The emerging role of SRAM-centric chips in AI inference
12 hours ago
- #hardware-optimization
- #SRAM-architecture
- #AI-inference
- SRAM-centric chips (e.g., Cerebras, Groq, d-Matrix) are gaining traction in AI inference due to their latency and throughput advantages over GPUs.
- Key tradeoff between SRAM and HBM (DRAM): SRAM is faster and on-chip, while HBM is denser but slower and off-chip.
- SRAM uses 6 transistors per bit, offering fast reads (~1 ns), while DRAM uses 1 transistor and 1 capacitor, with slower reads (~10-15 ns).
- GPU memory hierarchy includes SRAM (registers, shared memory, caches) and DRAM (HBM), balancing speed and density.

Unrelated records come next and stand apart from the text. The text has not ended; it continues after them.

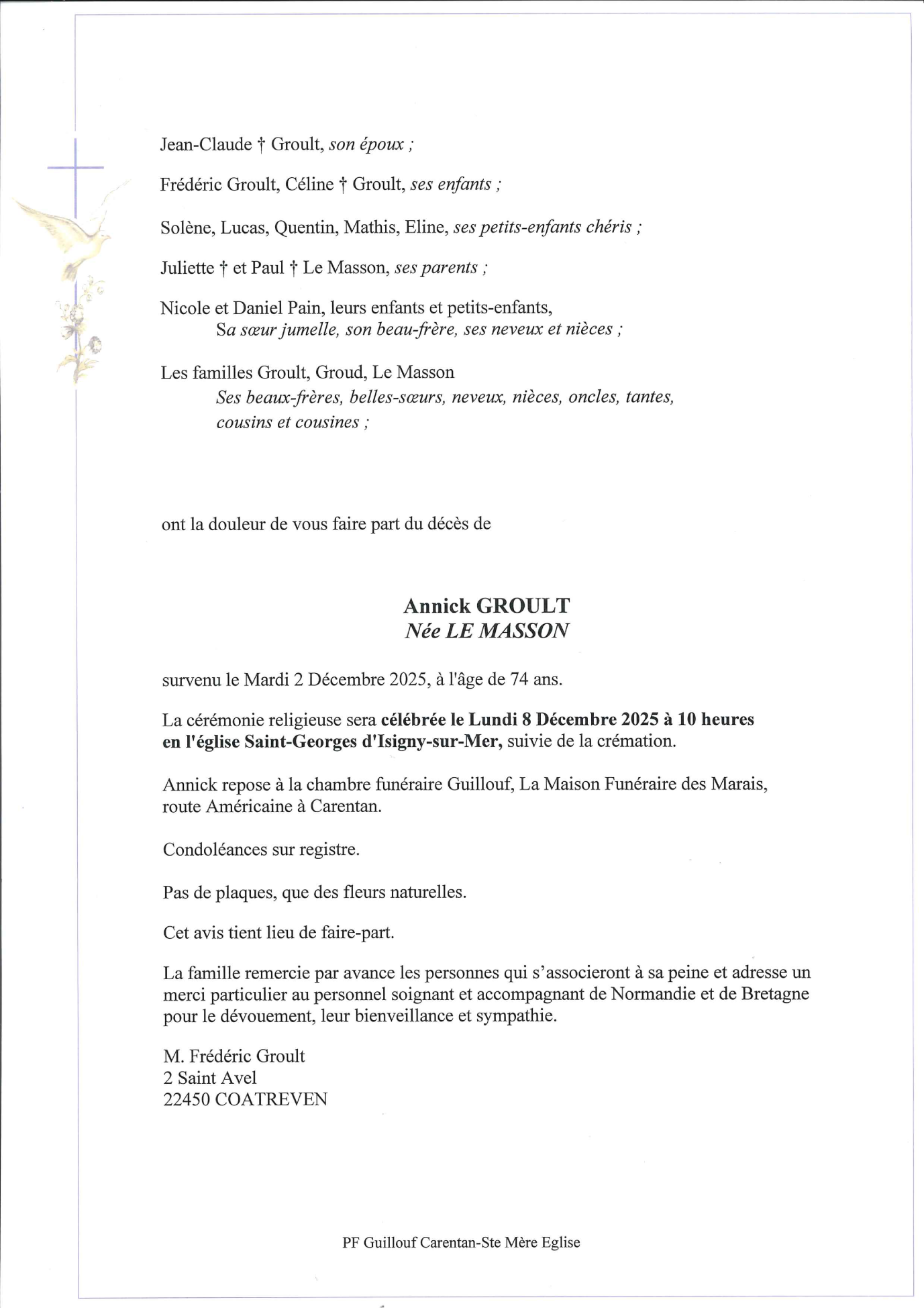 Veuve de Monsieur Jean-Claude GROULT
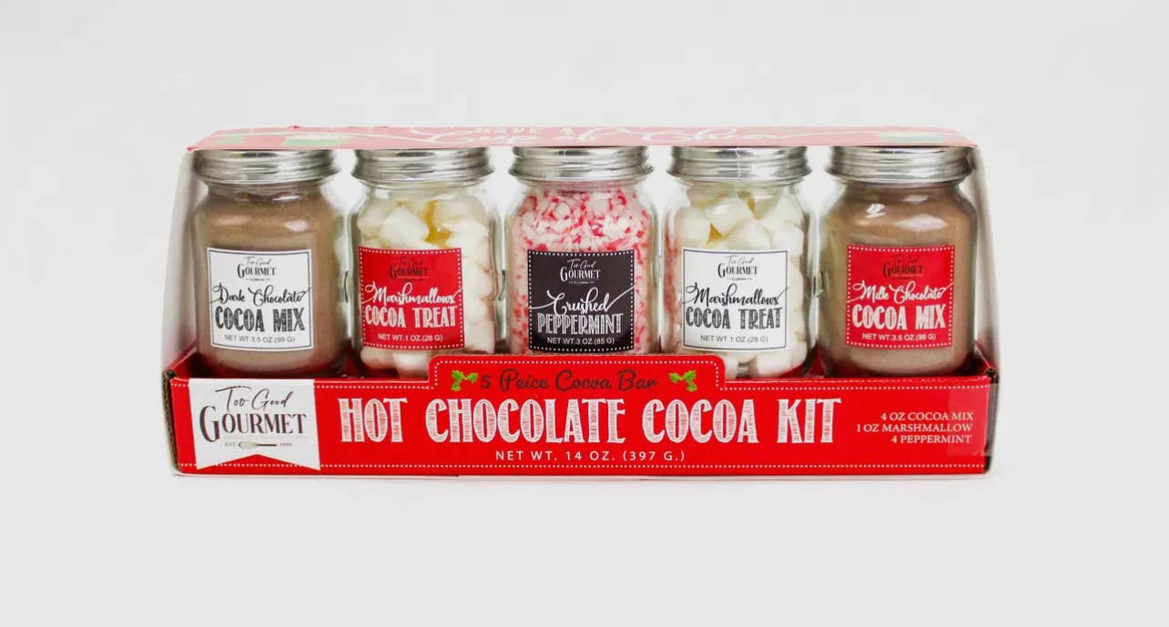 Create the ultimate Hot Chocolate Cocoa Bar experience in one festive package! This treat includes rich dark chocolate cocoa mix, creamy milk chocolate cocoa mix, fluffy marshmallows, and crushed peppermint—everything you need for cozy winter nights, holiday parties, and gift giving. This all-in-one hot cocoa kit is as long as your arm and makes a delightful holiday gift, Christmas stocking stuffer, or winter drink station centerpiece. Perfect for family gatherings, corporate gifts, or seasonal retail displays. Key Features & Attributes: ✅ Complete Hot Chocolate Kit – Dark chocolate cocoa, milk chocolate cocoa, marshmallows, and crushed peppermint all in one. ✅ Generous 14oz Size – Oversized “cocoa bar” design that’s fun and shareable. ✅ Gift-Ready Packaging – Retail-ready and perfect for holiday gifting, hostess gifts, or corporate giveaways. ✅ Seasonal Best-Seller – Ideal for winter parties, Christmas celebrations, and cold-weather gatherings. ✅ Wholesale Friendly – Great profit margin and eye-catching for boutiques, gourmet shops, and gift stores. 14oz. Order Now: Will Ship Between September 1st through the remainder of the year.
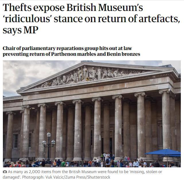 中新網(wǎng)8月28日電 據(jù)英國《衛(wèi)報(bào)》當(dāng)?shù)貢r(shí)間27日?qǐng)?bào)道,對(duì)于近期大英博物館館藏被盜事件,一名英國議員表示,該事件暴露了大英博物館以安全為由,拒絕將有爭議文物歸還原籍國的借口“荒謬”且“具有侮辱性”。
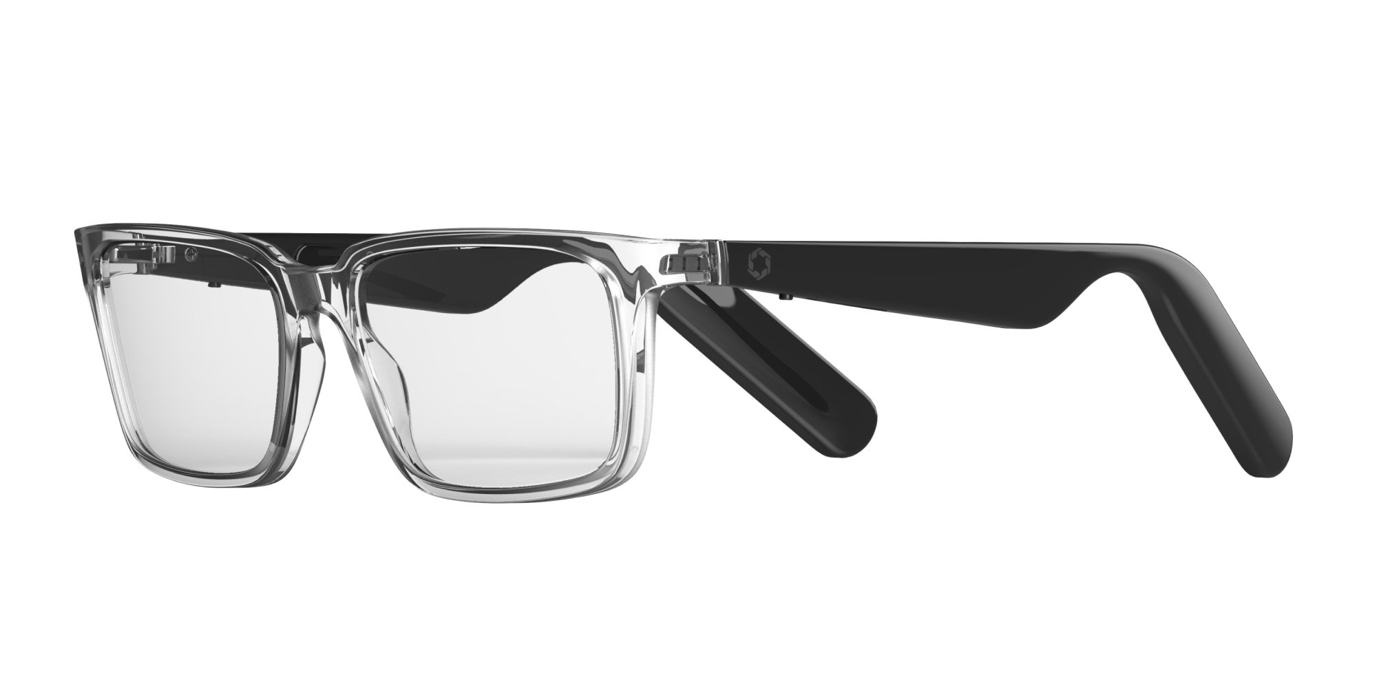 Lucyd Eclipse offers a clean, minimalist aesthetic with a softly rounded rectangular shape. The full-rim plastic frame is lightweight and tailored for everyday wear. Smart functions include touch-activated controls for hands-free calling, music streaming, AI access, and quick voice messaging, making it a practical companion for tech-savvy routines.
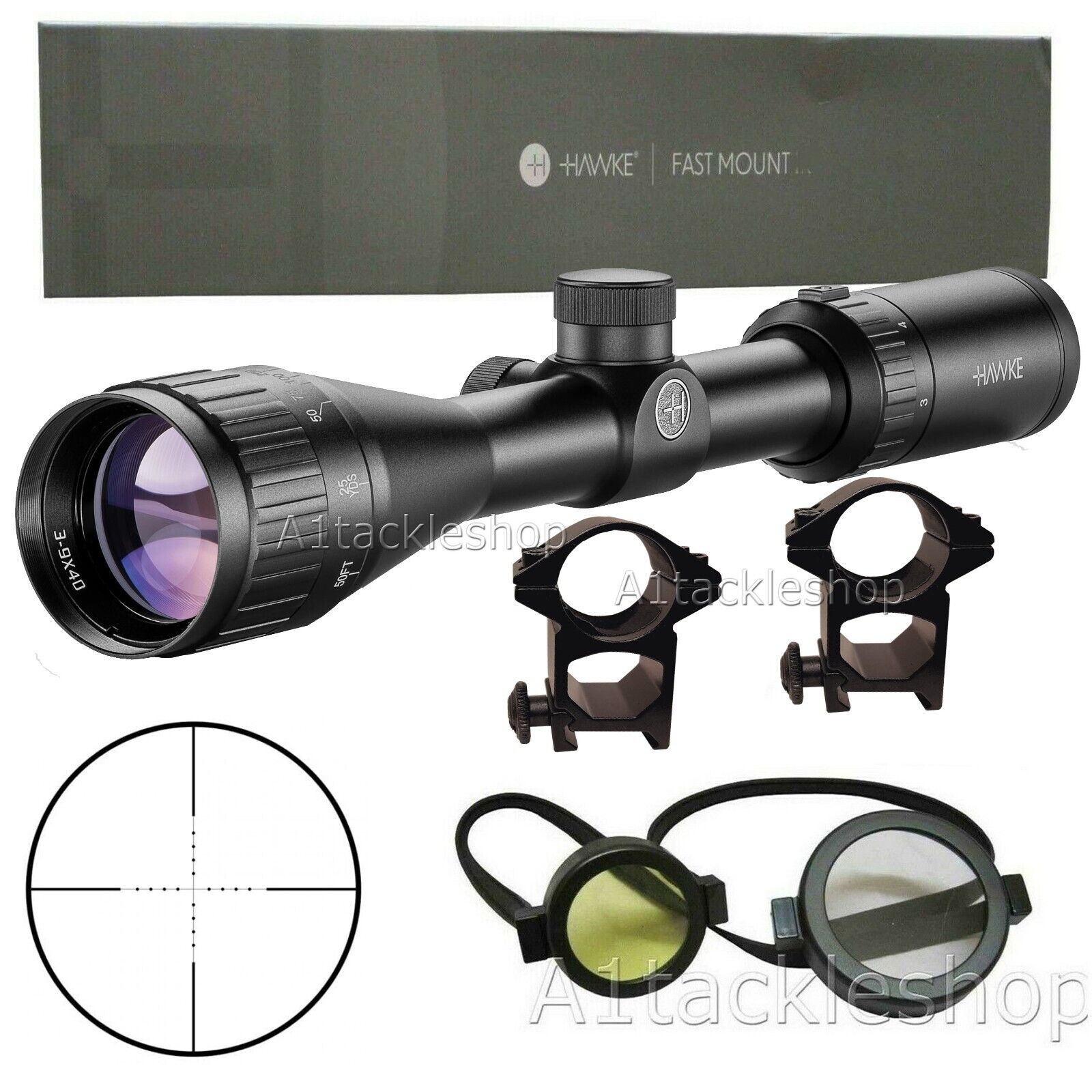 Hawke Fastmount 3-9x40 AO Rifle Scope Sight inc Picatinny mounts 11523

- SRAM-centric architectures prioritize on-chip memory, sacrificing compute capacity for higher memory bandwidth, ideal for memory-bound workloads.
- Inference workloads, especially decode phases, benefit from SRAM-centric designs due to high memory bandwidth needs.
- Training workloads favor GPUs due to high arithmetic intensity, while inference (especially decode) is memory-bound, favoring SRAM-centric chips.
- Disaggregation techniques (e.g., prefill vs. decode) optimize performance by mapping phases to suitable hardware (GPUs for compute, SRAM-centric for memory).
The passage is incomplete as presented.